**Work item:** Quote all lines below exactly. Images stay out.

**Input data:**
= = = = =

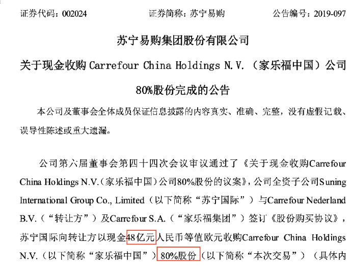 2019年,家乐福遇到了急于转型的苏宁易购,双方一拍即合。同年9月,苏宁易购全资子公司苏宁国际以48亿元收购家乐福80%的股份。
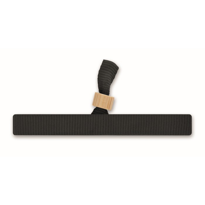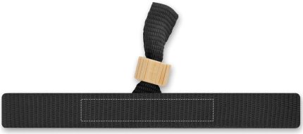 300D RPET polyester event wristband with bamboo ring closure. Wristband size 34 cm and 1,5 cm wide.
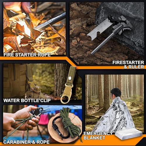 【Multifunctional & Cool】21 Pcs emergency survival package contains important gadgets akin to a survival knife, fireplace starter, tactical pen, flashlight, wire noticed, emergency blanket, bank card, multi-use spoon fork, and waterproof field. With these skilled survival gear and gear, you possibly can take pleasure in a protected and simple outside time.

= = = = =

**Completed task:**
 2019年,家乐福遇到了急于转型的苏宁易购,双方一拍即合。同年9月,苏宁易购全资子公司苏宁国际以48亿元收购家乐福80%的股份。
 300D RPET polyester event wristband with bamboo ring closure. Wristband size 34 cm and 1,5 cm wide.
 【Multifunctional & Cool】21 Pcs emergency survival package contains important gadgets akin to a survival knife, fireplace starter, tactical pen, flashlight, wire noticed, emergency blanket, bank card, multi-use spoon fork, and waterproof field. With these skilled survival gear and gear, you possibly can take pleasure in a protected and simple outside time.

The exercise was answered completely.